Queer and Post-Colonial Approaches to Anthropology: A Roundtable Discussion

Type: 
Roundtable
Audience: 
Open to the Public
Building: 
Nador u. 9, Faculty Tower
Room: 
Auditorium
Tuesday, November 18, 2014 - 7:00pm
Add to Calendar
Date: 
Tuesday, November 18, 2014 - 7:00pm to 9:00pm

Queer and Post-Colonial Approaches to Anthropology:

A Roundtable Discussion

Central European University - Budapest, Hungary

November 18th, 2014, 7:00 pm

Auditorium

The recent formation of a queer anthropology is pushing thinking about ways of viewing ethnographic methods and conducting fieldwork beyond simplistic ‘subject’ and ‘researcher’ positions. In a similar vein, postcolonial theory is challenging conceptions of the subject, re-envisioning the colony and metropole and the complex relations and travels between them, as well as opening up new critiques of power and imperialism. This work is being furthered by discussions about the dominance of heteronormativity within anthropology and ethnography, as well as debates that foreground the intersections of race, sexuality, and gender in imperialism’s modern formations. With all of this in mind, how can we see the intersections of postcolonial and queer theories as challenging imperial and heteronormative structures of power inherent to knowledge making on gender and sexuality? We invite you to join us for a roundtable discussion of these intersections and themes.

The roundtable is composed of: Paul Boyce, Sofian Merabet, Prem Kumar Rajaram, and will be moderated by Elissa Helms.  A small reception will follow.

Paul Boyce is Lecturer at University of Sussex School of Global Studies, whose research has predominantly focused on sexual and gendered subjectivities.   Paul aims to provide analytical connections between ethnographic practice, community work and anthropological theorization of gender, sexualities, health and socio-economic change and continuity.

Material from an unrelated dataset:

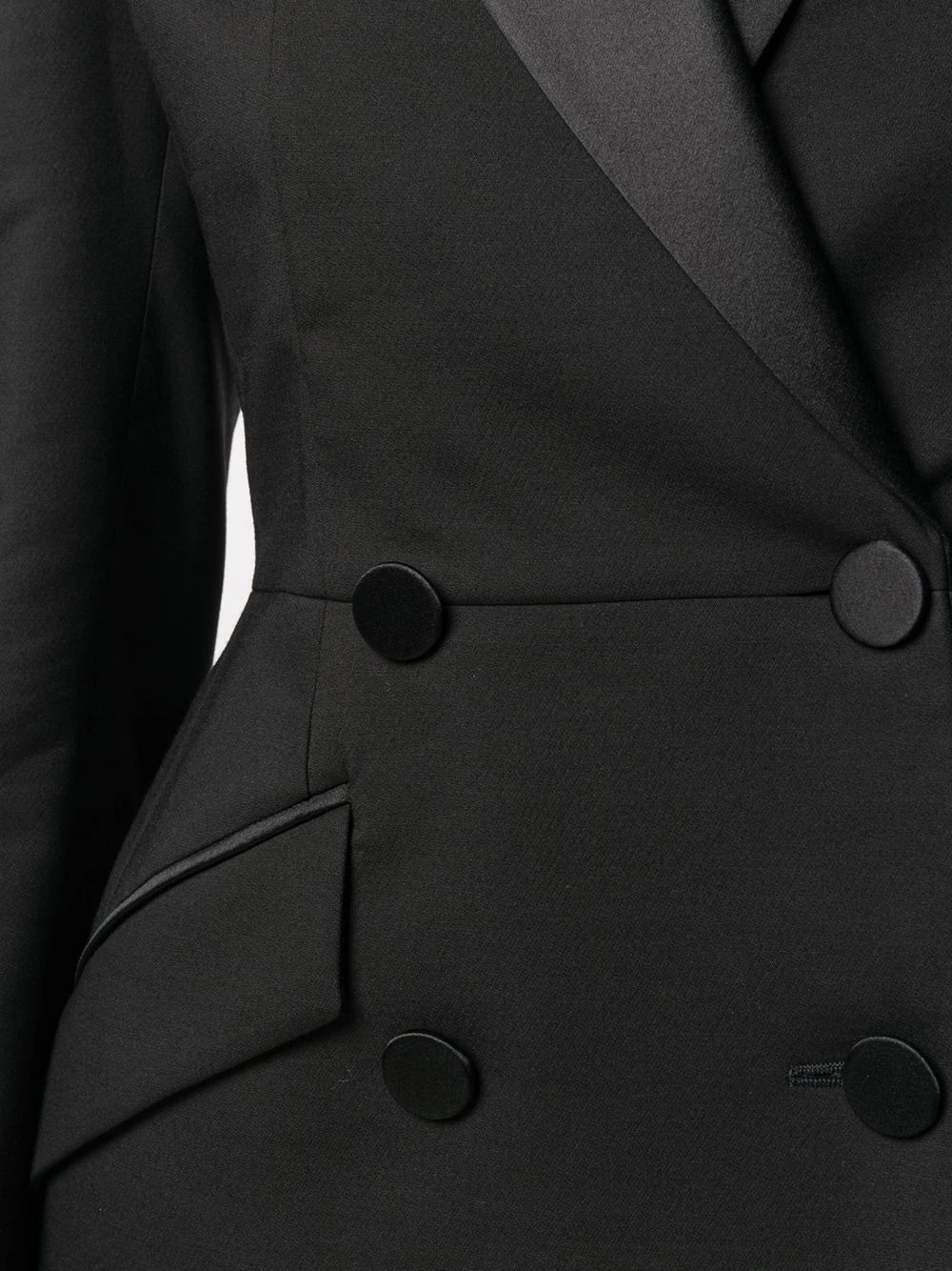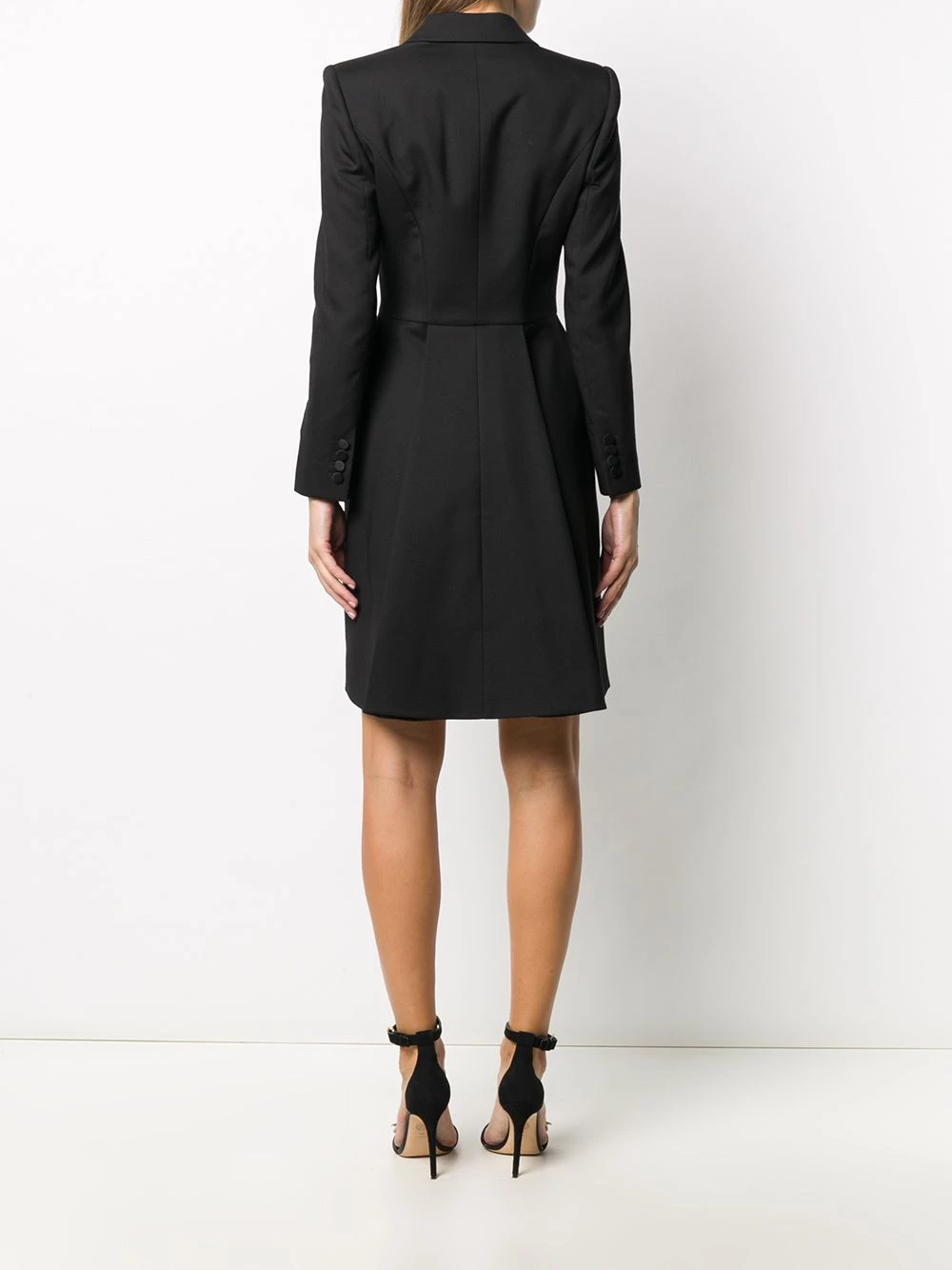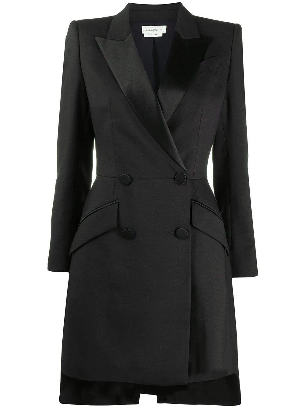 Empower your look with this double-breasted blazer dress from Alexander McQueen. Made from wool-silk blend, this tailored piece makes all the power moves for you with its satin peaked lapels, structured shoulders, and high-low hem. Make your mark.ย

Sofian Merabet is Assistant Professor in the Department of Anthropology at University of Texas at Austin. Sofian has expertise in the modern Middle East (with a focus on Lebanon and Syria) and the wider Muslim world, including Muslim immigrant communities in Europe and the Arab Diaspora in South America (especially Argentina). His interdisciplinary research analyzes the human geography of queer identity formations and the social production of queer space as constitutive features of wider class, religious, and gender relations.

Prem Kumar Rajaram is Academic Director of CEU's Roma Graduate Preparation Program (RGPP) and Associate Professor in the Department of Sociology and Social Anthropology at the Central European University. In his research, he is particularly interested in questions of marginality and depoliticization. His research has focused on the government of asylum-seekers, particularly those in detention in Europe and Australia, and on colonial histories of state making.

Elissa Helms (moderator) is Associate Professor and Head of the Department of Gender Studies at the Central European University. Her research interests cover the gendering of nationalism, NGO activism and donor aid, gender and ethnic violence, and the social dynamics of gender after significant ruptures such as war or the collapse of state-socialism.  Regionally, she focuses on Central and Eastern Europe, especially the successor states of socialist Yugoslavia.